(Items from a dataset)
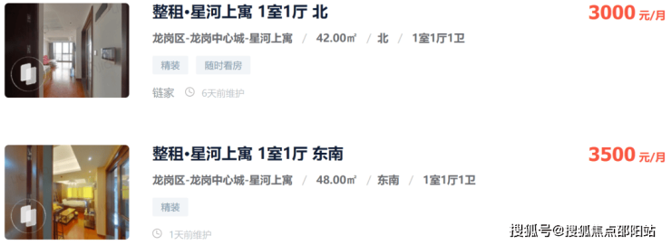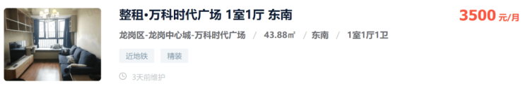 而项目周边的公寓,以万科广场、星河上寓为例,约42-48平房源,租金普遍在3000-3500元/月;约67-68平房源,租金普遍在3800-4500/月。
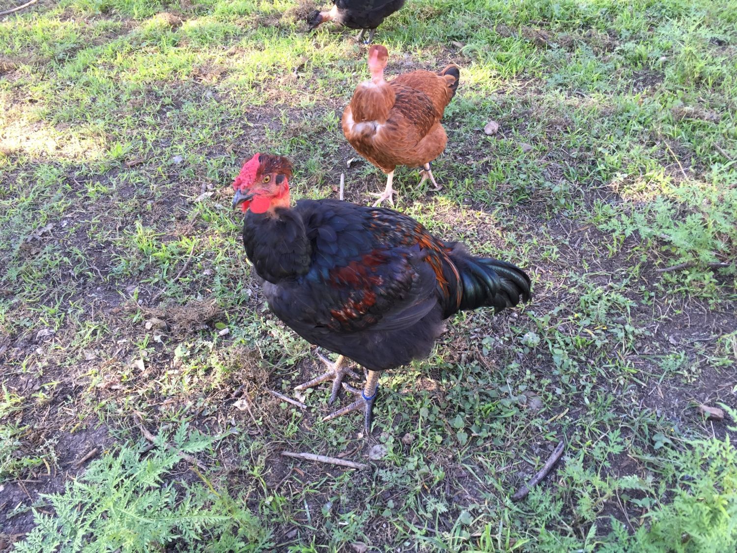 It's been a while since I posted photos, and it was a lovely day today, so here they are. 14.5 weeks. It's been fun to watch the boys' feathering evolve. Oh, and I'm afraid Bane name is now Snape. It's been coming for a while - it just fits his countenance better. (Also, lead CL cockerel is Dumbledore, and they do call and response every morning... Seems right.)
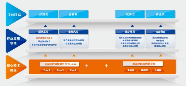 产品层面,中科闻歌将自主研发的“天湖”大数据智算平台和“闻海”全球大数据平台两大核心技术作为系统底座,在安全、金融、媒体、政务等领域形成了从解决方案、软件产品包到 SaaS 的数据智能平台化体系。
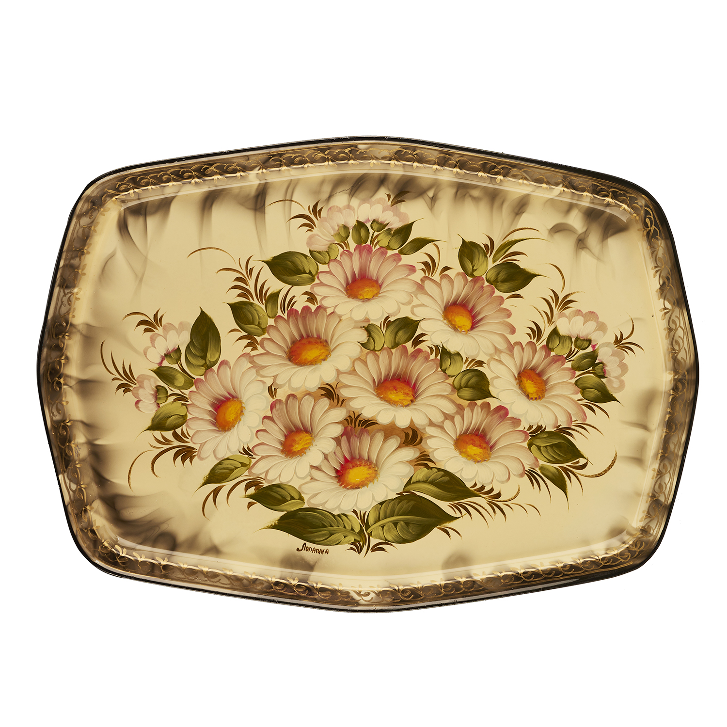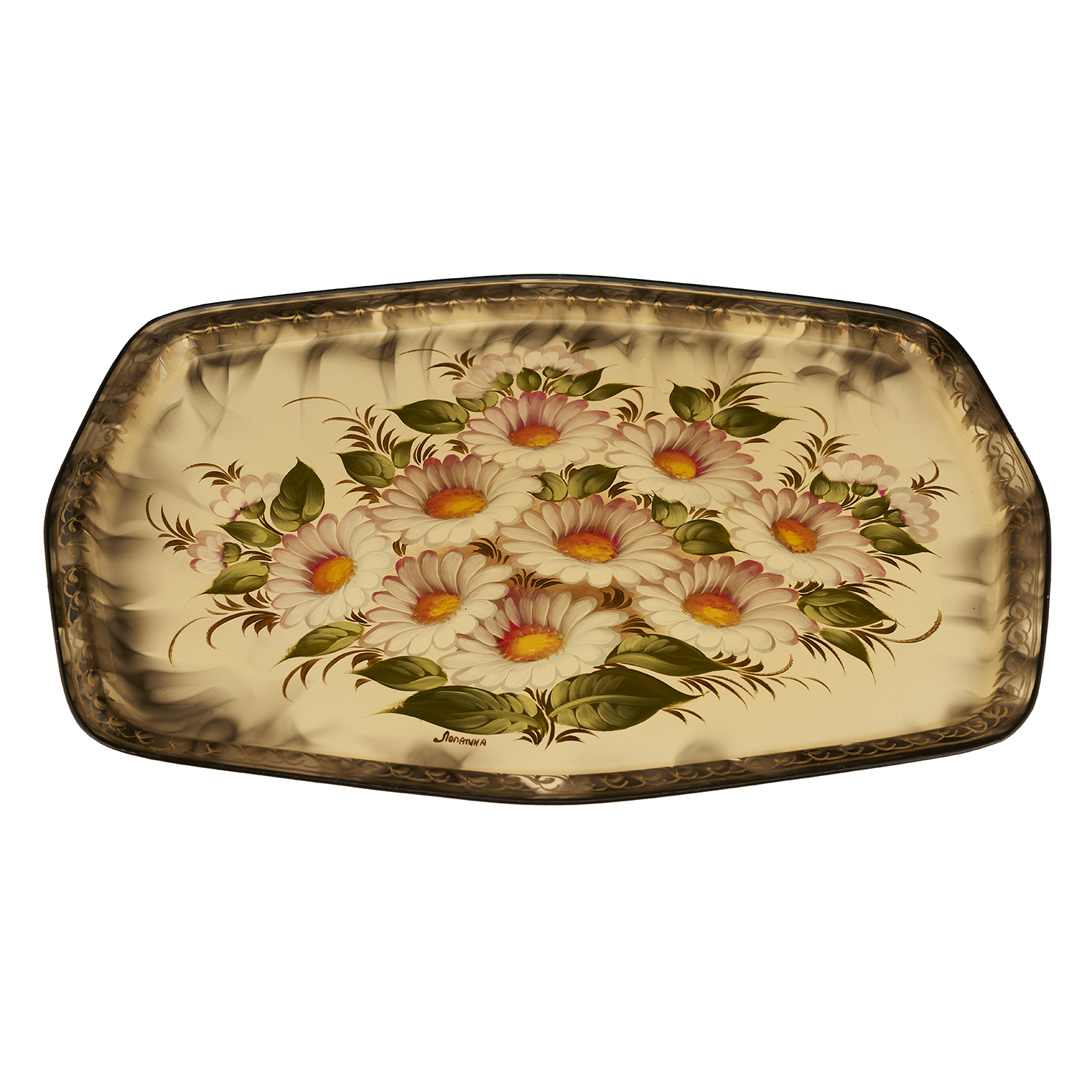 Поднос с авторской росписью "Ромашки".Материалы: сталь, краски, лак.
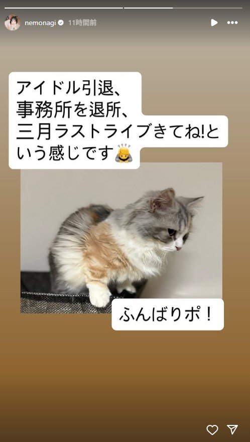 根本さんは合わせて、インスタグラムのストーリーズにも、猫の写真とともに「アイドル引退、事務所を退所、三月ラストライブきてね!」とテキストを投稿しています。
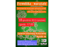 Centrum Informacji Kulturalnej w Sieradzu zaprasza w piątek 18 grudnia na spotkanie podczas, którego będzie można nauczyć się robić frywolitki.
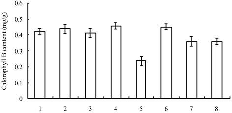 Figure 13. Chlorophyll B contents of seedlings treated with different growth retardants. 1 - 8 represented paclobutrazol, dniconazole, paclobutrazol + brassins, paclobutrazol + diethyl aminoethyl hexanoate, dniconazole + brassins, dniconazole + diethyl aminoethyl hexanoate, chlormequat chloride, water, respectively.

Task: Give every record back exactly as it reads, with no images.

Exercise response:
 而项目周边的公寓,以万科广场、星河上寓为例,约42-48平房源,租金普遍在3000-3500元/月;约67-68平房源,租金普遍在3800-4500/月。
 It's been a while since I posted photos, and it was a lovely day today, so here they are. 14.5 weeks. It's been fun to watch the boys' feathering evolve. Oh, and I'm afraid Bane name is now Snape. It's been coming for a while - it just fits his countenance better. (Also, lead CL cockerel is Dumbledore, and they do call and response every morning... Seems right.)
 产品层面,中科闻歌将自主研发的“天湖”大数据智算平台和“闻海”全球大数据平台两大核心技术作为系统底座,在安全、金融、媒体、政务等领域形成了从解决方案、软件产品包到 SaaS 的数据智能平台化体系。
 Поднос с авторской росписью "Ромашки".Материалы: сталь, краски, лак.
 根本さんは合わせて、インスタグラムのストーリーズにも、猫の写真とともに「アイドル引退、事務所を退所、三月ラストライブきてね!」とテキストを投稿しています。
 Centrum Informacji Kulturalnej w Sieradzu zaprasza w piątek 18 grudnia na spotkanie podczas, którego będzie można nauczyć się robić frywolitki.
 Figure 13. Chlorophyll B contents of seedlings treated with different growth retardants. 1 - 8 represented paclobutrazol, dniconazole, paclobutrazol + brassins, paclobutrazol + diethyl aminoethyl hexanoate, dniconazole + brassins, dniconazole + diethyl aminoethyl hexanoate, chlormequat chloride, water, respectively.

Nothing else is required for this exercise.